Predictors of alcohol consumption among in-school adolescents in the Central Region of Ghana: A baseline information for developing cognitive-behavioural interventions
Despite a recent shift in school going adolescents' engagement in health compromising behaviours and their related socio-economic implications on developing societies, it is surprising that baseline information for planned interventions is sparse. The purpose of this study was to investigate the prevalence of alcohol drinking and related behaviours among in-school adolescents in the Junior High Schools (JHS) in the Central Region of Ghana. Descriptive cross-sectional design was employed with multistage sampling procedures to sample 1400 school going adolescents in JHS in the Central Region.
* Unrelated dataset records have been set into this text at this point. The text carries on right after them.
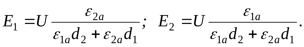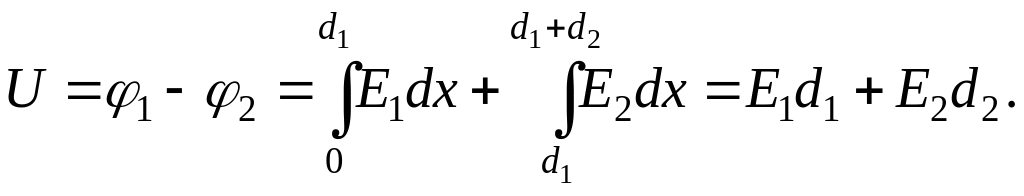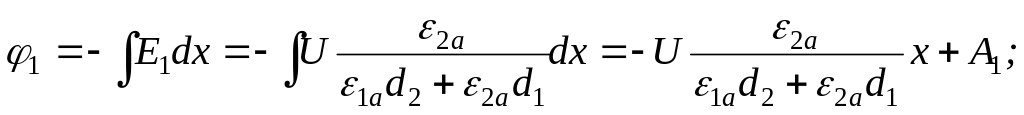 Постоянную интегрирования А1 определим из условия, что при х=0 φ1=U (А1=U), а А2 – из условия, что при х=d1 φ1=φ2 (или φ2=0 при х=d1+d2). Из полученных формул видно, что потенциал изменяется по линейному закону. На рис.11.21 показаны графики зависимости от х индукций, напряженностей и потенциалов.
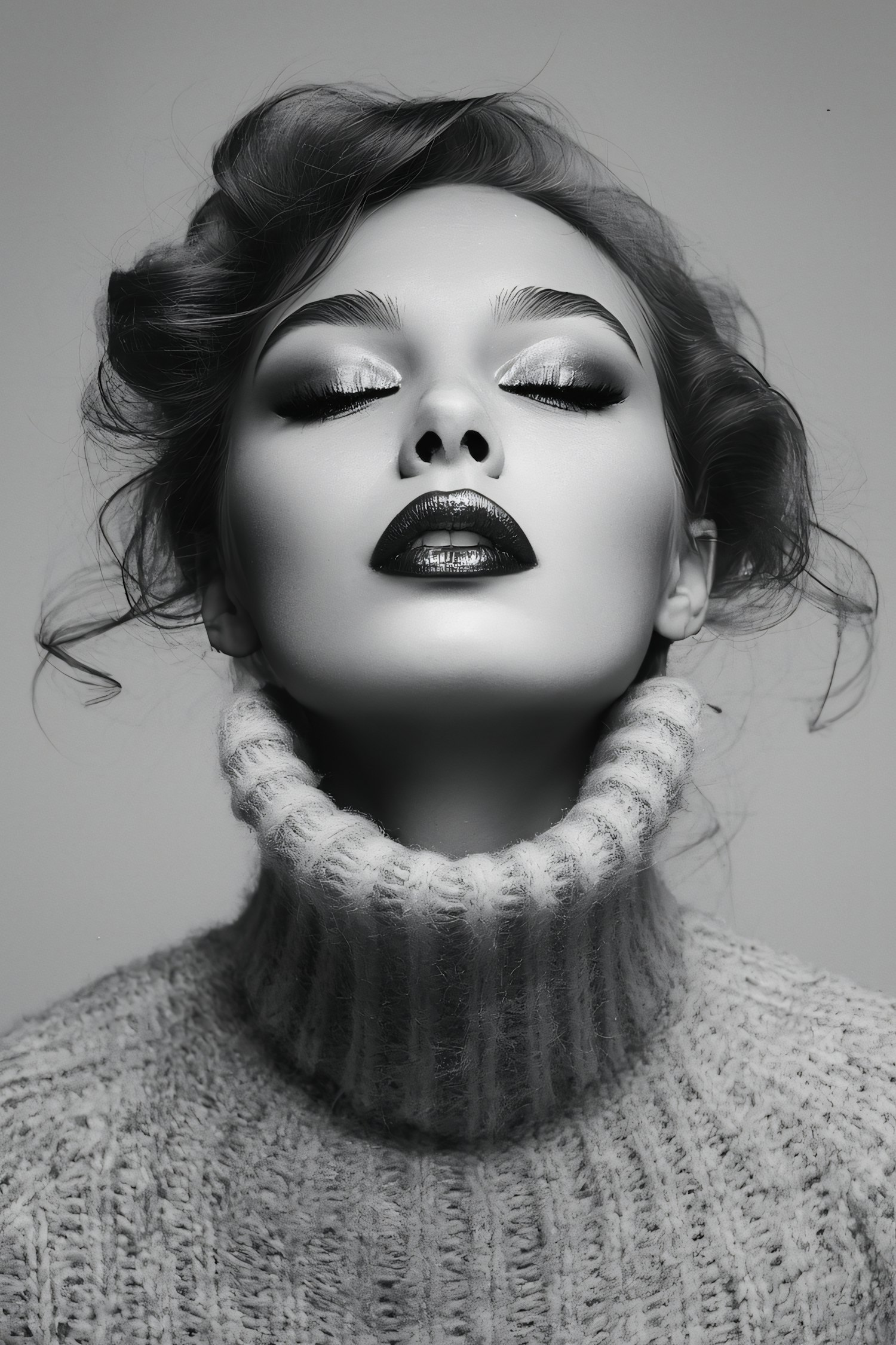 Monochrome portrait of a serene individual with elegant makeup and a textured sweater, showcasing dramatic lighting and artistic composition.
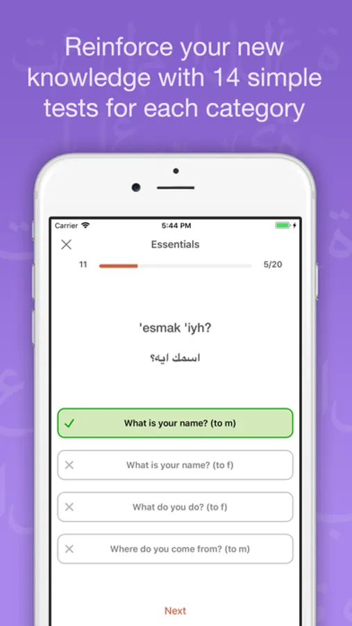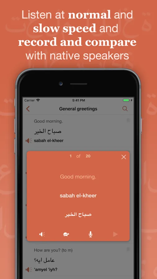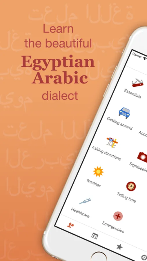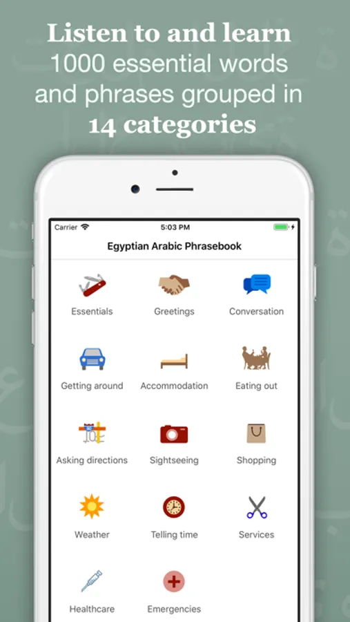 1. Learn 1000 words and sentences contained in 14 in-depth topic areas to help you build a broad Arabic vocabulary.
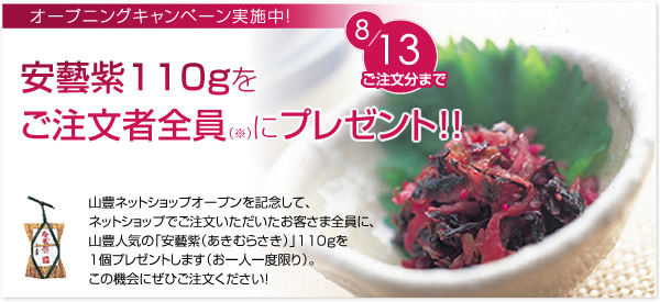 ご注文の方に「安藝紫(あきむらさき)110g」をもれなくプレゼント。また、会員登録された方にお買い物に使用できるショッピングポイントを500ポイントプレゼント。

Preliminary findings using simple frequencies and percentages revealed 42% alcohol drinking prevalence in the region. High prevalence of drunkenness (73%, n = 406) and early exposure to alcohol drinking when students were in primary school (52%, n = 286) were noted. Community festivals and use of alcohol as a form of medicine were enabling factors of alcohol consumption in the region. Binary logistic regression analysis also showed that geographical location was a significant predictor of alcohol drinking among school going adolescents, with students in the southern and central part of the region at greater risks of drinking alcohol than those from the northern part (OR = .696, 95% CI = 0.52-926, p = .013). However, no statistical significant variations were found in the odds of drinking alcohol for age (OR = 1.13, 95% CI = 0.86-1.48, p = .370), gender (OR = .81, 95% CI = 0.65-1.01, p = .06), religious affiliation (OR = 1.33, 95% CI = 0.94-1.89, p = .10), parental communication (OR = .86, 95% CI = 0.66-1.06, p = .13), academic performance (OR = 1.07, 95% CI = 0.79-1.45, p = .05) and socioeconomic status (OR = 1.20, 95% CI = 0.95-1.53, p = .12). With this baseline data, it was recommended that schools' curricula should include preventive cognitive-behavioural interventions that teach drug resistance skills and anti-drug norms. These interventions would foster the development of requisite knowledge and social skills (e.g., developing competence) for resisting social and peer influences that may trigger alcohol use and perhaps other drugs. Potentially, the motivation for alcohol use among school going adolescents in the region would be minimized, if not prevented.
Female adolescents’ reproductive health decision-making capacity and contraceptive use in sub-Saharan Africa: What does the future hold?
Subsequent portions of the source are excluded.